Muchos de los conquistadores españoles veían los dibujos que algunos pueblos originarios de América Central y de México elaboraban con minuciosidad y pensaban que eran deidanes apócrifas, inventadas, soñadas. Un icono de la imaginación salvaje y pecadora. Ni siquiera el plumaje que distinguía los ropajes de los líderes comunitarios servía como prueba. Algo tan hermoso no podía existir, no entraba en sus cabezas invasoras.
Una leyenda guatemalteca cuenta que el quetzal solía cantar armoniosamente antes de la conquista española pero que después se quedó mudo. No es del todo exacto. El quetzal canta, no muy bien, pero canta en el bosque cerrado y nebuloso. Y de la niebla salen y a la niebla vuelven cada día. Tímida. Habitante de la selva montañosa y húmeda, en los bosques de la niebla.
En náhuatl, Quetzal significa "ave de plumaje precioso". Perfecta descripción en una sola palabra para un animal bello hasta grados superlativos. Mide escasamente 40 centímetros, como una gallina, pero su cola majestuosa, la del macho, llega a alcanzar hasta dos veces el tamaño de su cuerpo. Su vuelo es singular, ondulante, como el de una gran mariposa. Desde una rama suele dejarse caer hacia atrás para no maltratar su preciado ropaje trasero, frágil como el cristal.
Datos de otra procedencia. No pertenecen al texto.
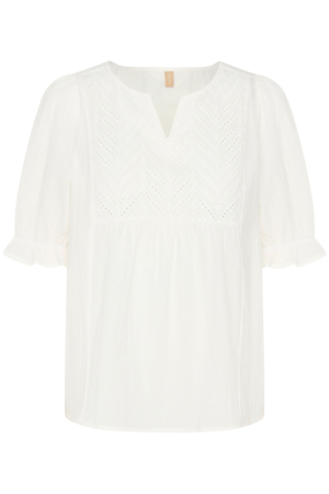 Smuk feminin bluse fra Culture. Blusen har kalvekrøs og små knapper ned foarn. På hver side af knaplukning er der også en fin bort med et hul mønster. Der er 3/4 lange ærmer med en smal elastikkant.

El color de su plumaje, siempre brillante, varía de intensidad según la luz del sol. El azul de la mañana se vuelve dorado al atardecer. Una metamorfosis poética bajo el reino de la luna.
Todo es color en el mundo del quetzal. Hasta los huevos, dos por pareja, poseen un tono azulado. El tono de la selva pertrechada en su manto de niebla. Qué listo es el quetzal, el ave que habita en un paraíso de tiempo.